Endocrine Abstracts

Aim: Familial hypercholesterolemia (FH) is an autosomal dominant genetic disease characterized by increased levels of low density lipoprotein cholesterol (LDL-chol). Despite relatively high prevalance and significant association with increased mortality, the awareness of physicians and patients is low and it is an underdiagnosed and undertreated disease. We aimed to detect patients with FH and determine treatment status and compliance.

Materials and methods: Patients >18 years old and have a serum LDL-chol≥250 mg/dL between January 2010-December 2016 were identified from the database of our hospital. A survey was performed by reaching patients via phone. Demographic features, smoking status, use of alcohol, exercise, presence of cardiovascular disease (CVD), use of medication for dyslipidemia, CVD and high cholesterol levels in the family were questioned. Patients with a serum thyrotrophin≥10 mIU/mL, patients with glomerulonephritis and nephrotic syndrome, patients with high liver enzymes and patients with serum triglyceride >400 mg/dL were excluded. DUTCH lipid diagnostic criteria was used to classify patients.

Results: LDL-chol was ≥250 mg/dL in 1918 measurements. When repeated measurements were excluded, 1365 patients were identified. Patients that could not be reached by phone and who refused to interview were excluded and data of 367 patients were analyzed. There were 248 (67.6%) female and 119 (32.4%) male patients and mean age was 50.5±11.66. LDL-chol was ≥330 mg/dL in 50 (13.6%) and 250–329 mg/dL in 317 (86.4%) patients. Mean DUTCH score was 6.36±1.63. 40 (10.9%) patients were classified as definite, 181 (49.3%) as probable and 146 (39.8%) as possible FH. Among patients with definite or probable FH, 84 (38.0%) had CVD. DUTCH scores were 8.09±1.54 and 6.74±1.31 in patients with and without CVD, respectively. Considering all patients, 42% were taking medication for dyslipidemia. Among 213 patients that were not on antilipidemic treatment, 162 (76.1%) stated that medication was never recommended previously, 30 (14.1%) had stopped medication him/herself and 21 (9.8%) had stopped medication with the advice of the physician. 49 (58.3%) definite or probable FH patients with CVD was taking antilipidemic treatment.

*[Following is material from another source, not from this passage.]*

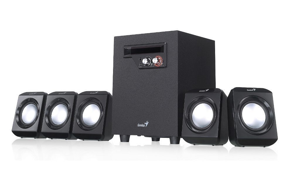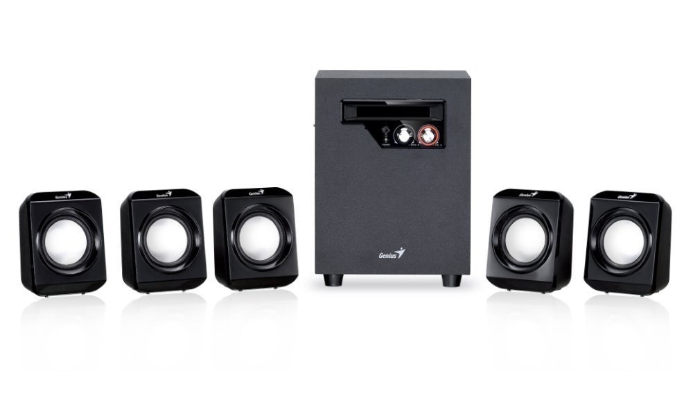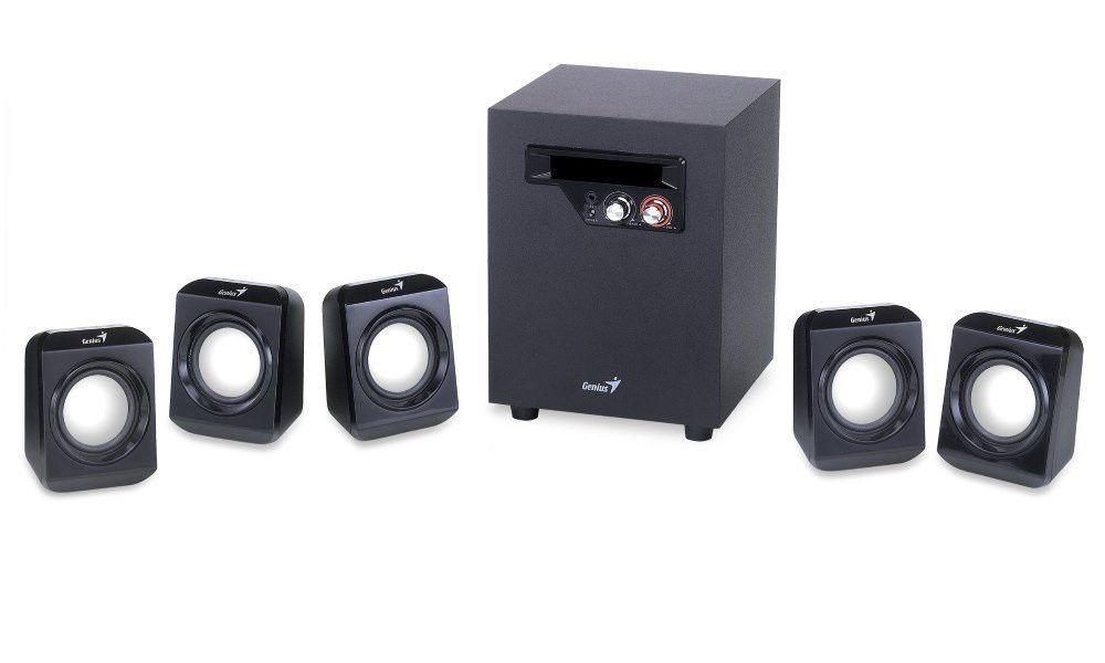 Elegantní systém reproduktorů v konfiguraci 5.1 nabízí celkový výkon 26 W. Sestava je tvořena kvalitním subwooferem s 4" driverem, který disponuje výkonem 14,5 W RMS a stará se o věrné a plné basové tóny. Subwoofer je doplněn pěti satelity, kdy každý disponuje výkonem 2,3 W RMS. Ovládání hlasitosti i basů se nachází na přední straně subwooferu. Součástí balení je napájecí adaptér 100-240 V.

Conclusion: A significant proportion of patients with LDL-chol≥250 mg/dL were not taking antilipidemic drugs and other cardiovascular risk factors were not under control. Similar with many other countries, diagnosis and treatment rates of FH patients were very low in our country. Further national studies are required to increase awareness of the disease in both physicians and patients.